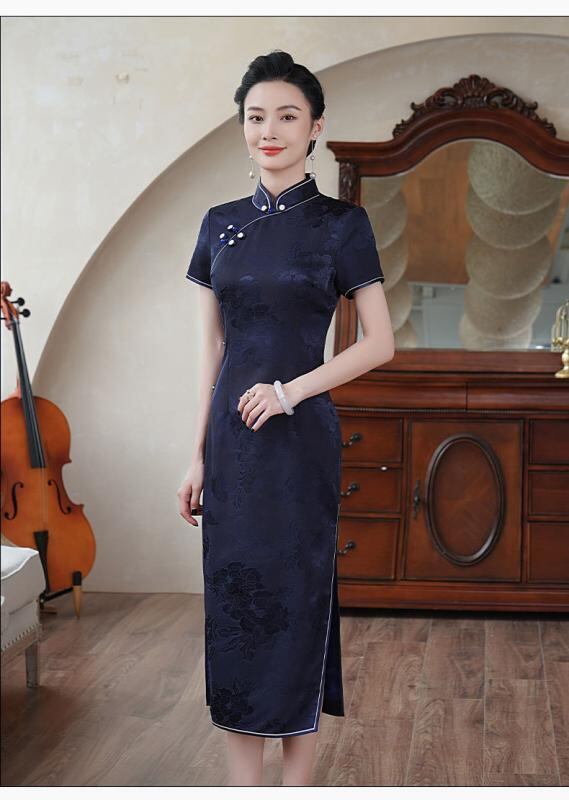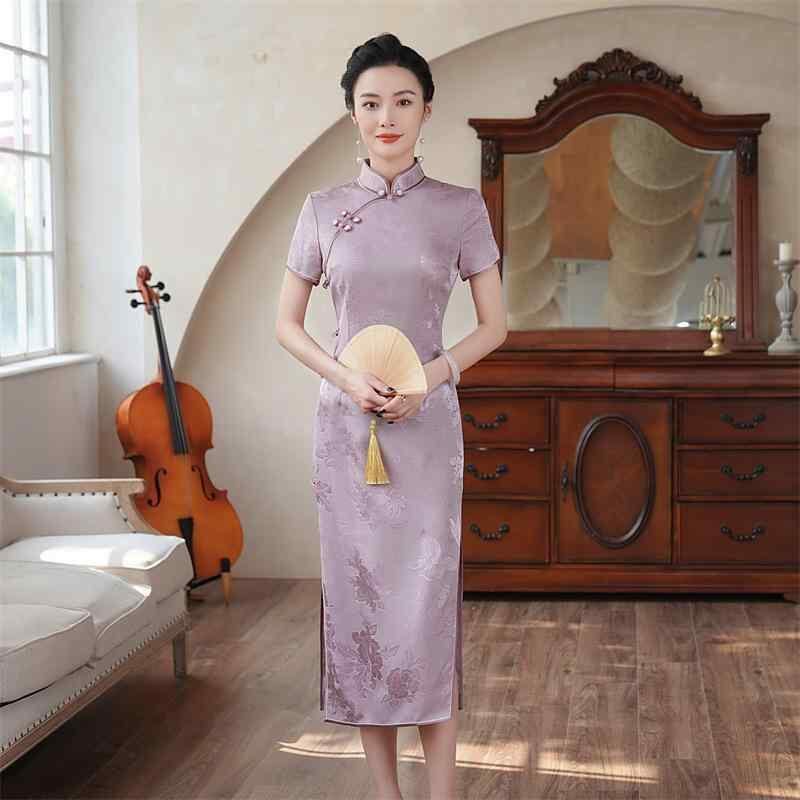 チャイナドレス レディース シルク 絹 高級感 改良型 中国風 レトロ クラシック スタイルアップ 細見え ミドル丈 ワンピース スタンドカラー 斜め襟 3分袖 スリット 春夏 ジャガード織り 手作業飾りボタン ピンク グリーン
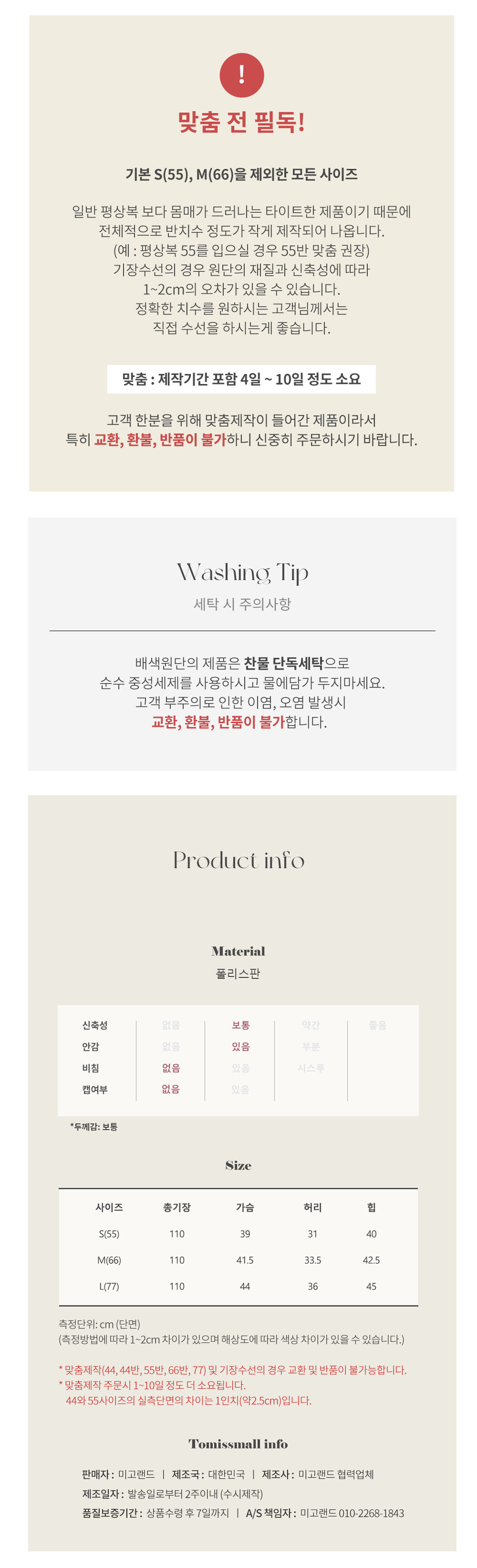 일반 의류에 비해서 반사이즈 정도 작게 나왔어요.
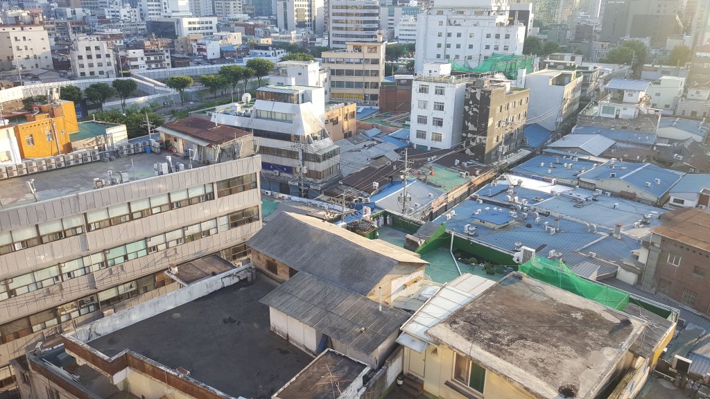 As much as I love hipster coffee shops and handicrafts sellers, what really impressed me when I first visited was the view from the roof. You can take the elevator (located at the end of the plaza near the view of Jongymyo shrine) to the ninth floor to the rooftop.
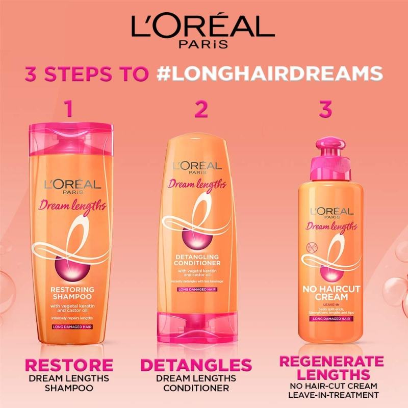 • Dream Lengths shampoo, for dry, damaged and frizzy long hair, Creamy texture tames unruly lengths, Protects hair from breakage
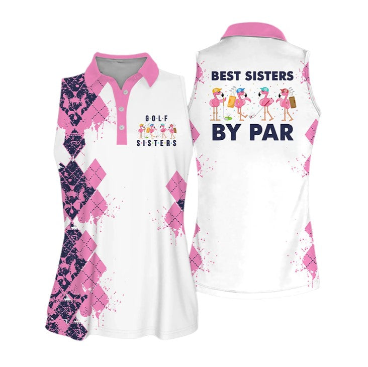 Best Sisters By Par Women Sleeveless Polo Shirt, Golf Polo Shirt for Women
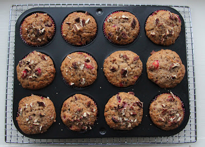 While baking these beauties, I pondered where do you draw the line between a muffin and a cupcake?  While a muffin might be considered healthier than a cupcake, once you start adding ingredients such as chocolate and streusel-like toppings or glazes it starts to resemble a cupcake.  And, when you use cupcake liners for muffins (ahem) then the muffin doesn’t know what it wants to be!  Whatever the case, these are good.
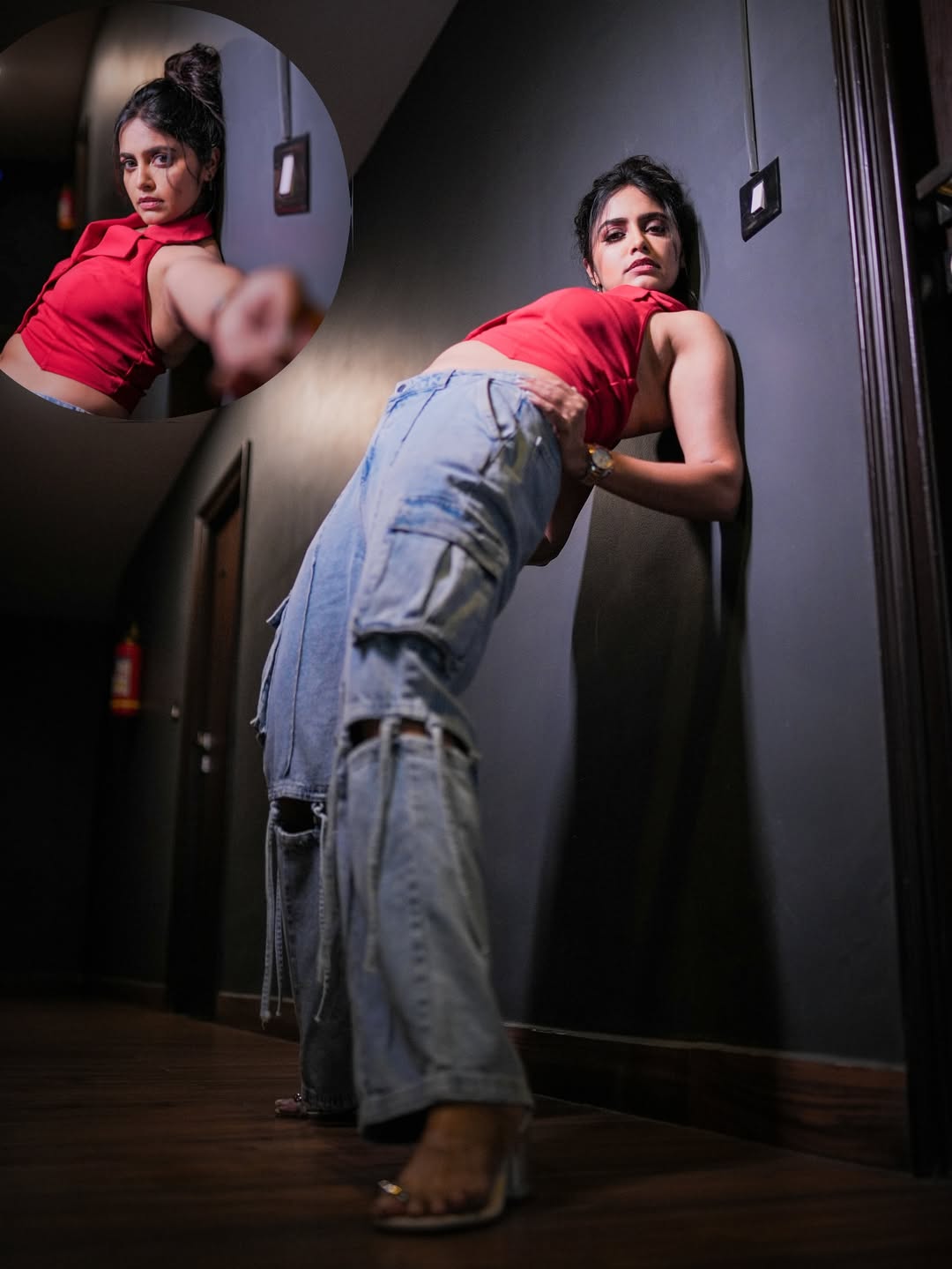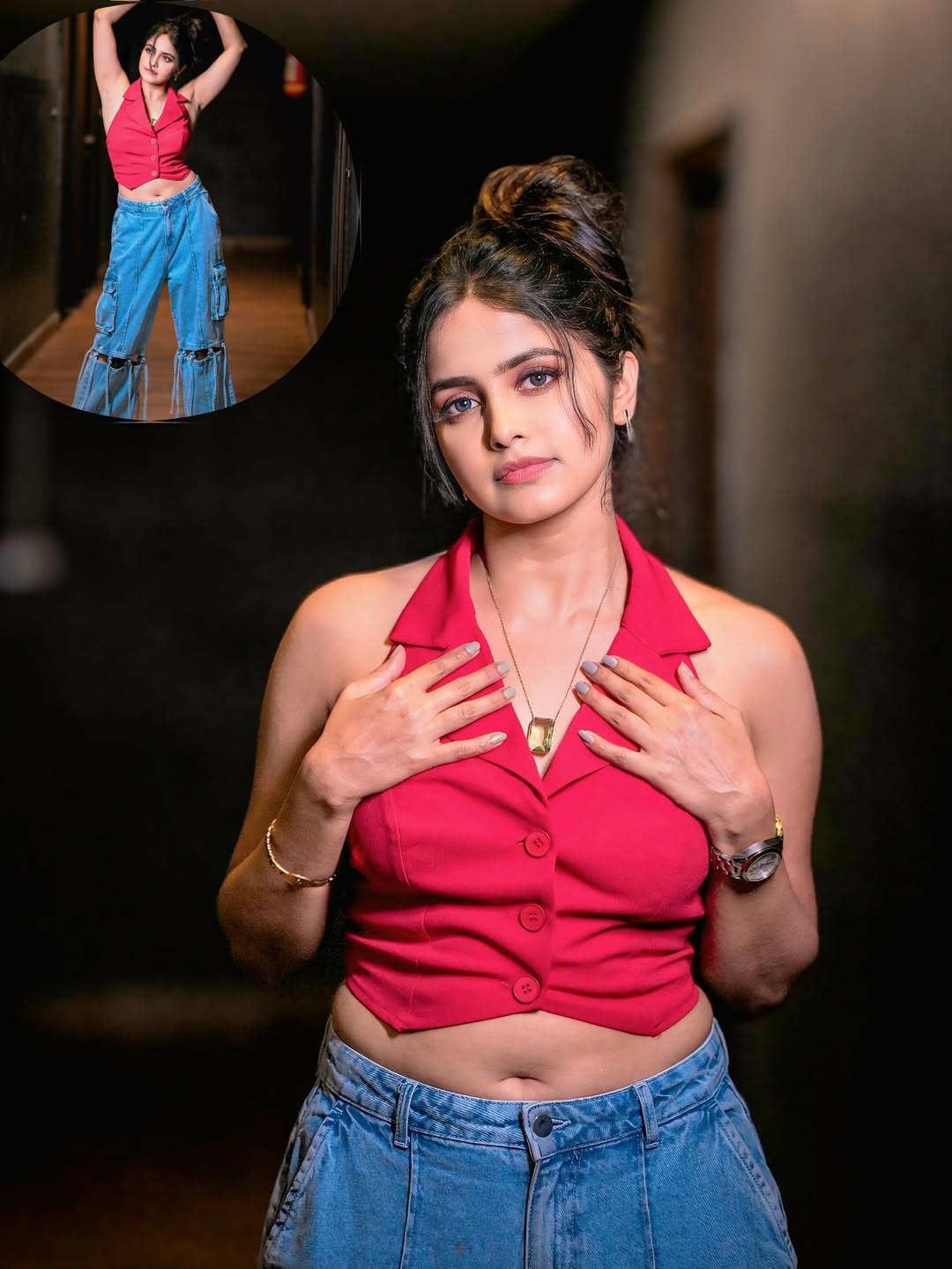 She wore a sleeveless red buttoned top and the top had a sharp collar design. She paired it with wide-legged blue denim pants. The denim had a stylish cut-out and layered detailing. She completed the look with a pendant necklace, a wristwatchand a simple bracelet.Her hair was styled in a high messy bun and a few strands framed her face.

---------------

Only one stretch of the listing above is to be duplicated: the lines from the one containing "hair from breakage" through the one containing "Best Sisters By", both included. Copy them exactly, minus the pictures.

 • Dream Lengths shampoo, for dry, damaged and frizzy long hair, Creamy texture tames unruly lengths, Protects hair from breakage
 Best Sisters By Par Women Sleeveless Polo Shirt, Golf Polo Shirt for Women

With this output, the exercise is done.